EXERCISE OBJECTIVE:
Drop every picture. Then return, exactly, the lines from the beginning of the listing below through the one containing "Die Terrasse und".

INFORMATION SUPPLIED:
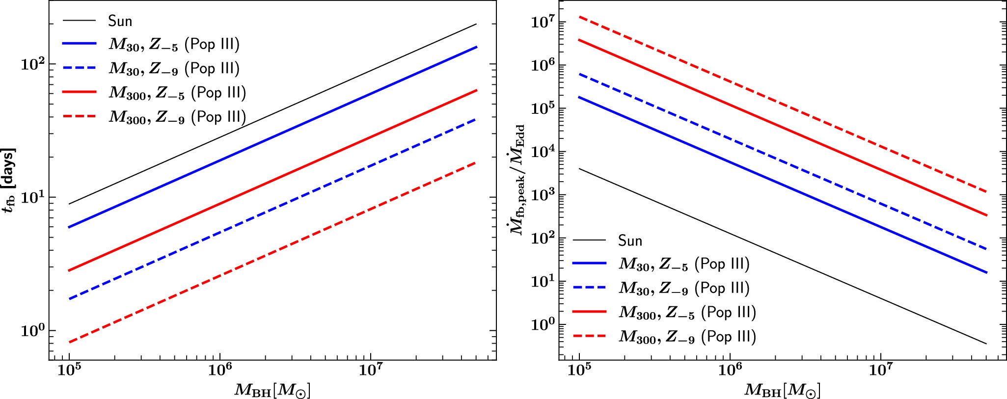 Left panel: debris mass fallback time t fb for tidal disruption of 300M ⊙ (M 300, red) and 30M ⊙ (M 30, blue) Pop III stars with Z = 10−5 (Z −5, solid lines) and Z = 10−9 (Z −9, dashed lines) compared to a regular 1M ⊙ star (black solid line). Right panel: Eddington ratio of the peak debris mass fallback rate ﹩{\dot{M}}_{\mathrm{fb},\mathrm{peak}}﹩ for the same stars as in the left panel. Pop III stars have shorter fallback times and much higher peak mass fallback rates compared to Pop I star TDEs.
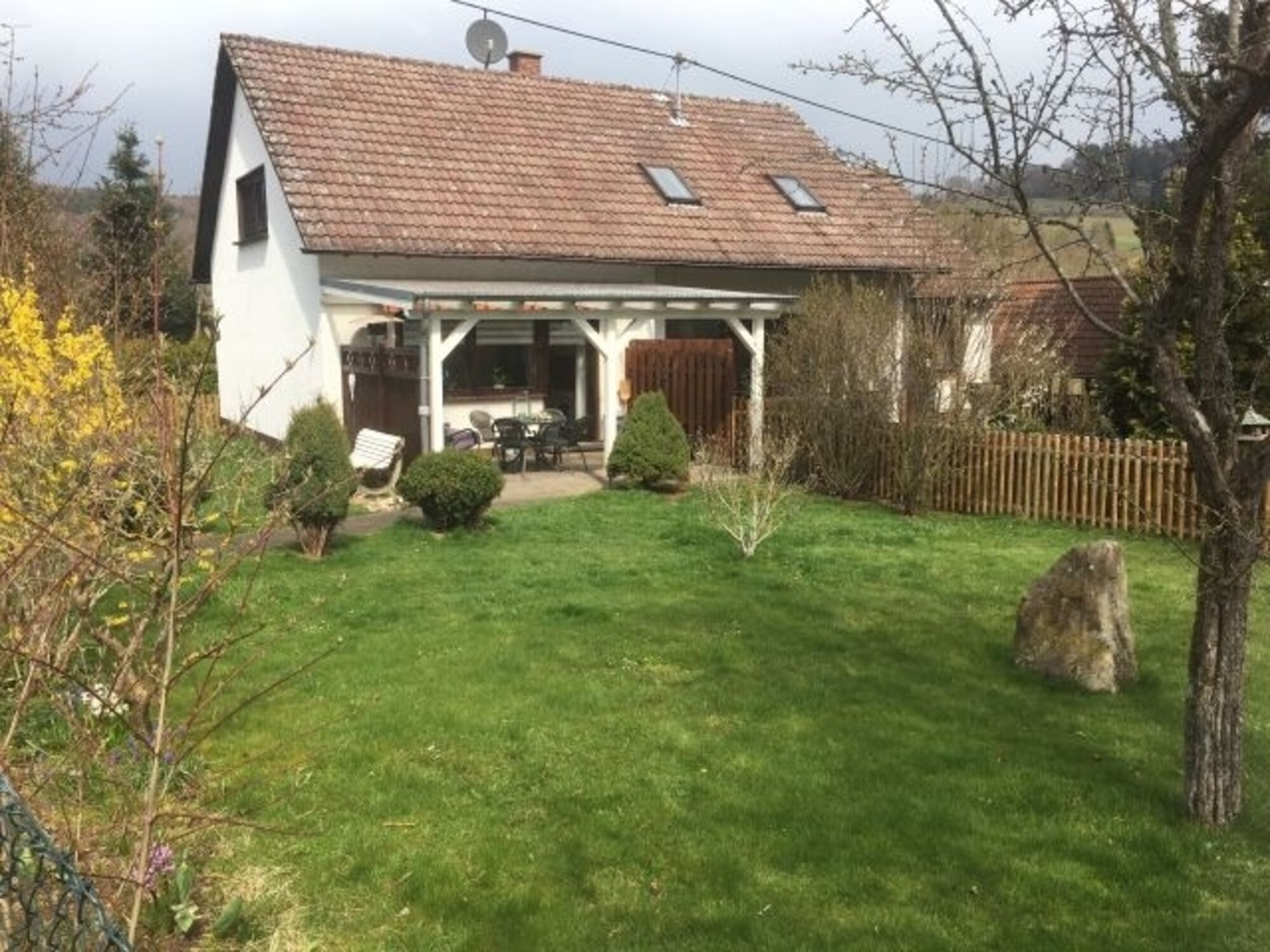 Die Terrasse und Garten sind mit Zaun und Sichtschutz getrennt. Der Garten in komplett eingezäunt. Hunde sind bei uns natürlich herzlich willkommen.
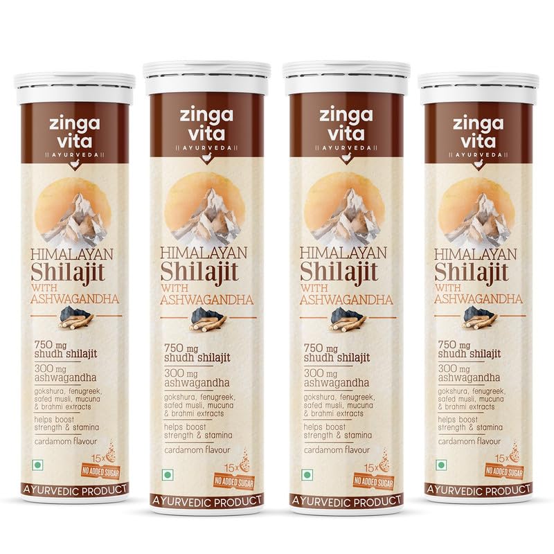 Zingavita Ayurveda Himalayan Shilajit (750mg) Effervescent With Ashwagandha Gokshuru Fenugreek Brahmi and Safed Musli for Strength Performance & Muscle recovery Cardamom Vegetarian - Pack of 4

RESULT OF THE EXERCISE:
 Left panel: debris mass fallback time t fb for tidal disruption of 300M ⊙ (M 300, red) and 30M ⊙ (M 30, blue) Pop III stars with Z = 10−5 (Z −5, solid lines) and Z = 10−9 (Z −9, dashed lines) compared to a regular 1M ⊙ star (black solid line). Right panel: Eddington ratio of the peak debris mass fallback rate ﹩{\dot{M}}_{\mathrm{fb},\mathrm{peak}}﹩ for the same stars as in the left panel. Pop III stars have shorter fallback times and much higher peak mass fallback rates compared to Pop I star TDEs.
 Die Terrasse und Garten sind mit Zaun und Sichtschutz getrennt. Der Garten in komplett eingezäunt. Hunde sind bei uns natürlich herzlich willkommen.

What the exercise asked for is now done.